**What the exercise asks**
Repeat the entries below exactly, pictures excluded.

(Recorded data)
■ ■ ■

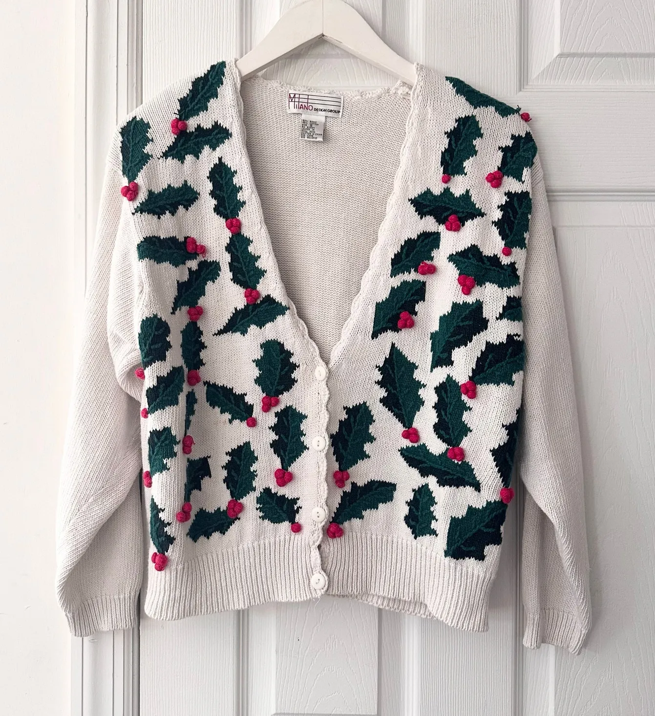 Size small from Milano Design Group. Vintage. Made in Hong Kong. Ramie cotton blend. V neck cardigan with embroidered holly berries and leaves throughout. Built in shoulder pads (one is slightly loose). Preowned with some signs of wear throughout. In otherwise good condition. Measurements: approximate All items come from a smoke free/pet free home. No trades or modeling. As always, offers are welcome. Thanks for stopping by!
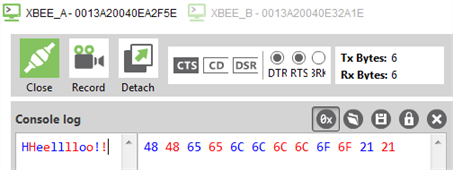 Each character loops back in the XBEE_A console log, which indicates that XBEE_A successfully sent the message to XBEE_B.
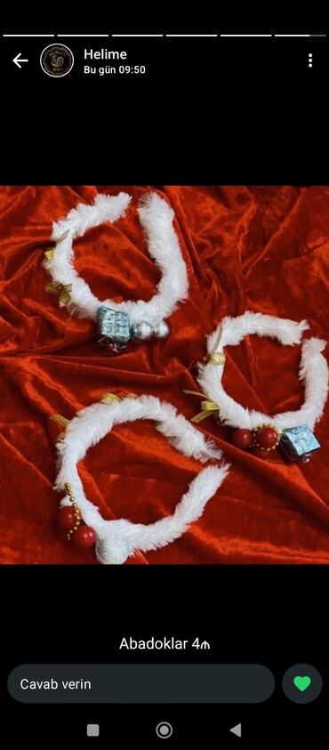 - Qırmızı məxmərdən Yeni il don dəsti: ağ süni tük bəzəkli, uzunqollu, ətək hissəsi fırfırlı. Dəstdə uyğun saç lenti/başlıqlı saç bağı və bəzəkli kəmər-qurdelə var. Şənlik, fotosessiya və məktəb tədbirləri üçün uyğundur.
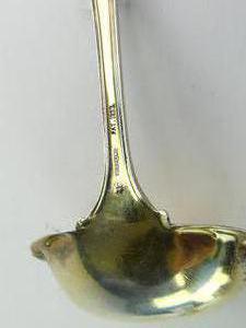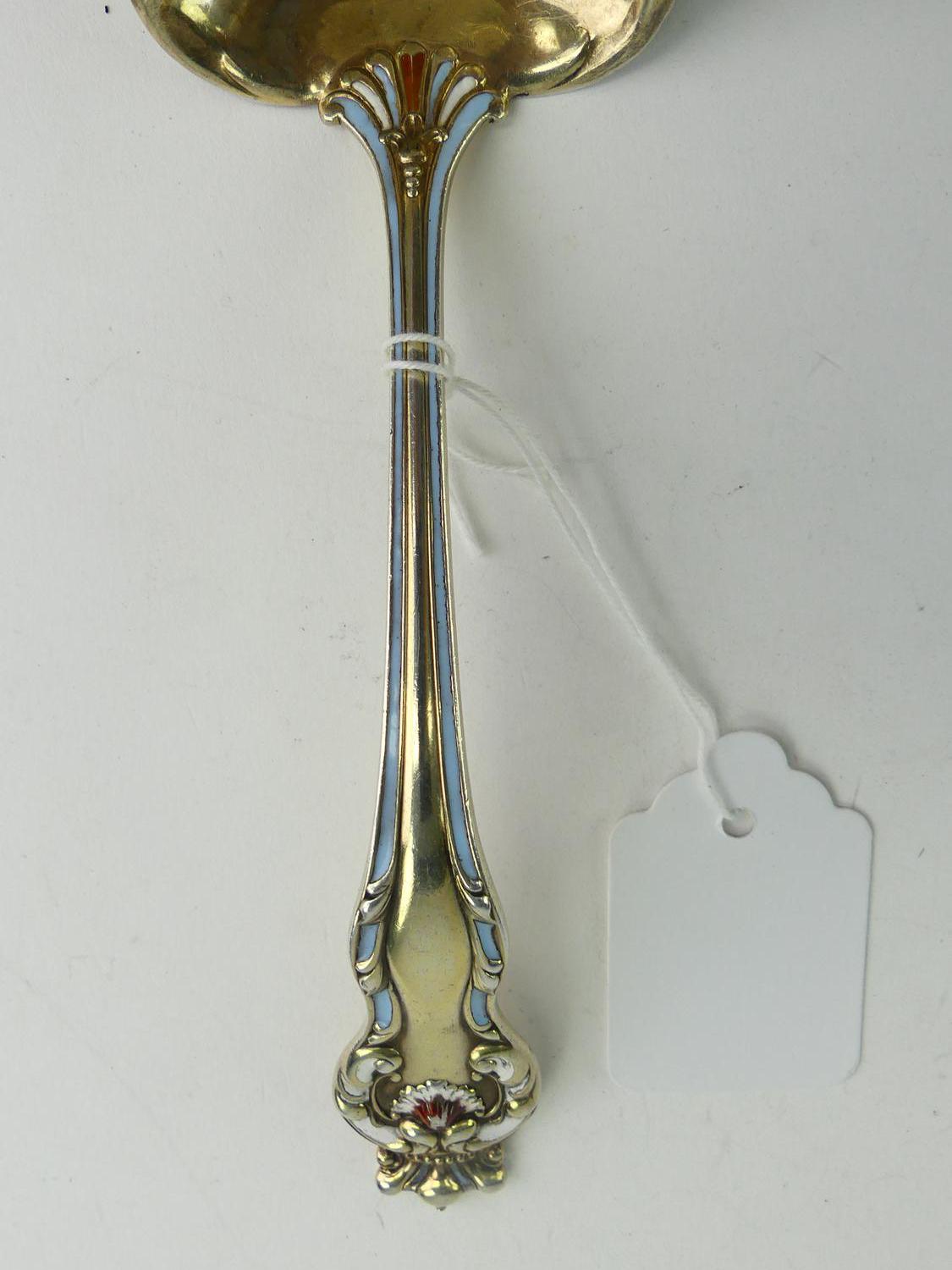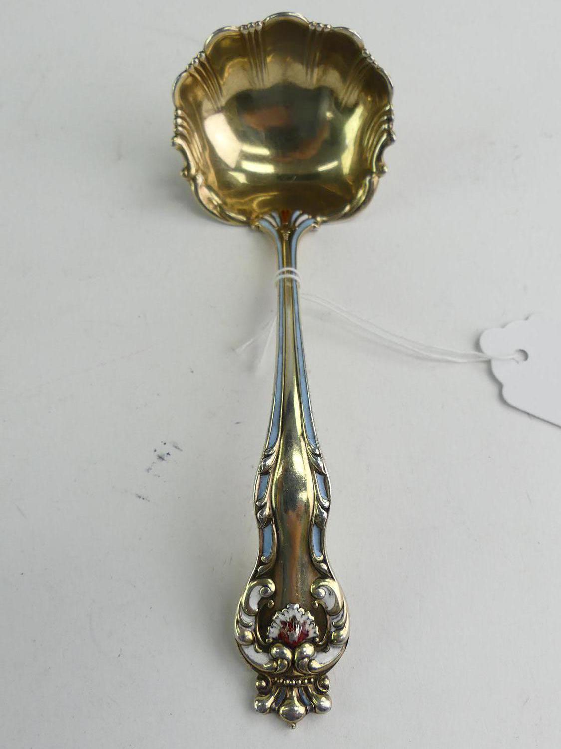 gilded and enameled sterling silver "mount vernon" ladle, 72 grams
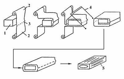用单卷平膜可采用枕形袋式。这种方式是用单卷平膜,先封纵缝形成筒状,将产品裹于其中,然后封横缝并切断制成枕型包装。其原理与制袋充填包装相似,操作过程见图2-11-5。
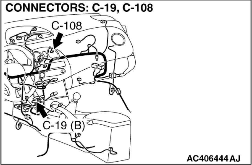 (1)Disconnect A/C-ECU connector C-19 and outside/inside air selection damper control motor connector C-108, and measure the resistance at the wiring harness side.
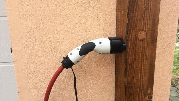 Einfache und robuste Aufhängung für ein Typ 2 Stecker/Ladekabel „Plug Connector“. Die Aufhängung passt auf das Ende des Ladekabels, das Sie ins Auto stecken.
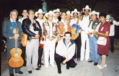 Foto 1: Don Reynaldo en un homenaje a don Heliodoro Copado junto a numerosos personajes huapangueros.
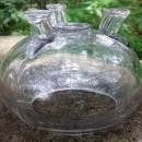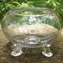 Clear glass flower bowl made by Viking in the 1950s-70s. Known as the Flora-lite Bowl #1007. Stands 3 3/8"h x 4 1/2"d. Rests on 3 feet. Very good condition with no chips or cracks. Excuse the water drops in photo #3. Inglenook Antiques...Established 1989.

■ ■ ■

**Expected answer**
 Size small from Milano Design Group. Vintage. Made in Hong Kong. Ramie cotton blend. V neck cardigan with embroidered holly berries and leaves throughout. Built in shoulder pads (one is slightly loose). Preowned with some signs of wear throughout. In otherwise good condition. Measurements: approximate All items come from a smoke free/pet free home. No trades or modeling. As always, offers are welcome. Thanks for stopping by!
 Each character loops back in the XBEE_A console log, which indicates that XBEE_A successfully sent the message to XBEE_B.
 - Qırmızı məxmərdən Yeni il don dəsti: ağ süni tük bəzəkli, uzunqollu, ətək hissəsi fırfırlı. Dəstdə uyğun saç lenti/başlıqlı saç bağı və bəzəkli kəmər-qurdelə var. Şənlik, fotosessiya və məktəb tədbirləri üçün uyğundur.
 gilded and enameled sterling silver "mount vernon" ladle, 72 grams
用单卷平膜可采用枕形袋式。这种方式是用单卷平膜,先封纵缝形成筒状,将产品裹于其中,然后封横缝并切断制成枕型包装。其原理与制袋充填包装相似,操作过程见图2-11-5。
 (1)Disconnect A/C-ECU connector C-19 and outside/inside air selection damper control motor connector C-108, and measure the resistance at the wiring harness side.
 Einfache und robuste Aufhängung für ein Typ 2 Stecker/Ladekabel „Plug Connector“. Die Aufhängung passt auf das Ende des Ladekabels, das Sie ins Auto stecken.
 Foto 1: Don Reynaldo en un homenaje a don Heliodoro Copado junto a numerosos personajes huapangueros.
 Clear glass flower bowl made by Viking in the 1950s-70s. Known as the Flora-lite Bowl #1007. Stands 3 3/8"h x 4 1/2"d. Rests on 3 feet. Very good condition with no chips or cracks. Excuse the water drops in photo #3. Inglenook Antiques...Established 1989.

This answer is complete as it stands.